The $n$-dimensional unit sphere (in the indexing in which the Earth is a 3-dimensional sphere) has an inner volume which is its surface area divided by $n$ (by considering each tiny patch of its surface as the base of a figure tapering down to its center), and at the same time, by the argument that projecting two dimensions outwards to the enveloping "cylinder" is area-preserving (stretching latitudinally and longitudinally in precise cancellation, as in the Lambert map projection), we find that the unit $n$-sphere's surface area is $\tau$ times the unit $(n - 2)$-sphere's volume.

[Footnote: Here, whenever I say “(inner) volume”, I mean in the sense appropriate to the number of dimensions, and similarly for “surface area”; thus, for example the “surface area” of a circle is its perimeter, and the “volume” of a circle is its area]

Putting these last two facts together, the unit $n$-sphere's volume is $\frac{\tau}{n}$ times the unit $(n - 2)$-sphere's volume ($\tau$ here being the circumference of a unit circle).

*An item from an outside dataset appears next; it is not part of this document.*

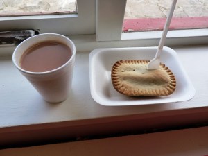 Time passed very slowly, and I think Carly was relieved when the 15 minutes were up as she couldn’t deal with me complaining any longer. I purchased a Hollands Steak Pie, and a cup of tea… which basically tasted of the polythene cup, but it did warm me up.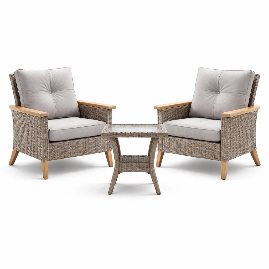 Dieses Set besteht aus zwei Stühlen und einem Tisch. Die Stühle sind aus Polyrattan mit Armlehnen aus Naturholz gefertigt. Der Tisch besteht ebenfalls aus Polyrattan und hat eine Glasplatte aus gehärtetem Glas (5 mm). Die Sitzkissen verfügen über einen Bezug aus Polyester. Der Stuhl hält einem Gewicht von bis zu 120 kg stand.

Letting $V(n)$ be the unit $n$-sphere's volume, and letting $D(n) = \frac{V(n + 1)}{V(n)}$, we get that $\frac{2}{3} \times \frac{4}{5} \times \frac{6}{7} \times \ldots \times \frac{n}{n + 1}$ comes out to $\frac{V(n + 1)/V(1)}{V(n) / V(0)} = \frac{V(0)}{V(1)} D(n) = \frac{1}{2} D(n)$. And of course $\frac{2}{1} \times \frac{4}{3} \times \frac{6}{5} \times \ldots$, with as many factors, is just this same thing times $n + 1$. Putting these together, the Wallis product up through $\frac{n}{n + 1} \times \frac{n}{n - 1}$ is $\frac{n + 1}{4} D(n)^2$.

But considering the $(n + 1)$-sphere's volume in terms of its cross-sectional $n$-spheres, we also have that $D(n)$ is twice the average value of $f(x)^n$ as $x$ runs from $0$ to $1$, where $f(x) = \sqrt{1 - x^2}$ is the cross-sectional radius of at height $x$ above the center of a unit sphere. Thus $D(n)$ is a decreasing function of $n$. And our recurrence $V(n) = \frac{\tau}{n} \times V(n - 2)$ is equivalently the recurrence $D(n - 2) \times D(n - 1) = \frac{\tau}{n}$. As a monotonic sequence satisfying this recurrence, we get that $D(n)^2 \sim \frac{\tau}{n}$ as $n$ goes to infinity (since $D(n)^2$ is inbetween $D(n - 1) \times D(n)$ and $D(n) \times D(n + 1)$, and our recurrence tells us each of these is $\sim \frac{\tau}{n}$).

Combining the last two paragraphs, we get that the Wallis product in toto comes out to $\frac{\tau}{4}$ (i.e., $\frac{\pi}{2}$). Ta-da!

This is actually related to Wallis's original proof (which was done not in terms of spheres but in terms of some messy integrals; even messier perhaps by virtue of being worked out before the general integral calculus had been developed!), but that is as this seen through a glass very darkly. I would be very curious to see if anyone has written on seeing the Wallis product this way in terms of sphere volumes before.